## Your goal
Once you find the line with "Despite being right" in the data below, transcribe exactly each line from there to the line with "En une de l'express: Afrique", inclusive, and nothing else. Drop the pictures.

## Data provided
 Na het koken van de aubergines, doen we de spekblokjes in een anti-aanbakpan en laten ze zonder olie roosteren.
---
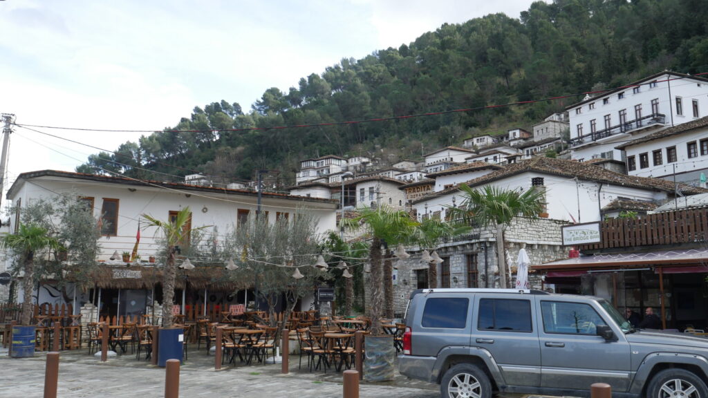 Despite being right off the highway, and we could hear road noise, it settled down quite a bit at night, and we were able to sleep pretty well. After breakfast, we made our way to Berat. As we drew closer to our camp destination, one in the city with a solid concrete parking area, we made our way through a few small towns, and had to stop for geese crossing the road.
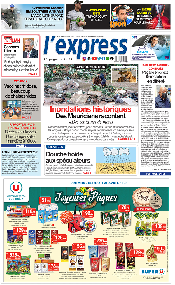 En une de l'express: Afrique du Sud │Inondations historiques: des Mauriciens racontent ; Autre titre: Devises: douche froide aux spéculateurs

## Reply to the exercise
 Despite being right off the highway, and we could hear road noise, it settled down quite a bit at night, and we were able to sleep pretty well. After breakfast, we made our way to Berat. As we drew closer to our camp destination, one in the city with a solid concrete parking area, we made our way through a few small towns, and had to stop for geese crossing the road.
 En une de l'express: Afrique du Sud │Inondations historiques: des Mauriciens racontent ; Autre titre: Devises: douche froide aux spéculateurs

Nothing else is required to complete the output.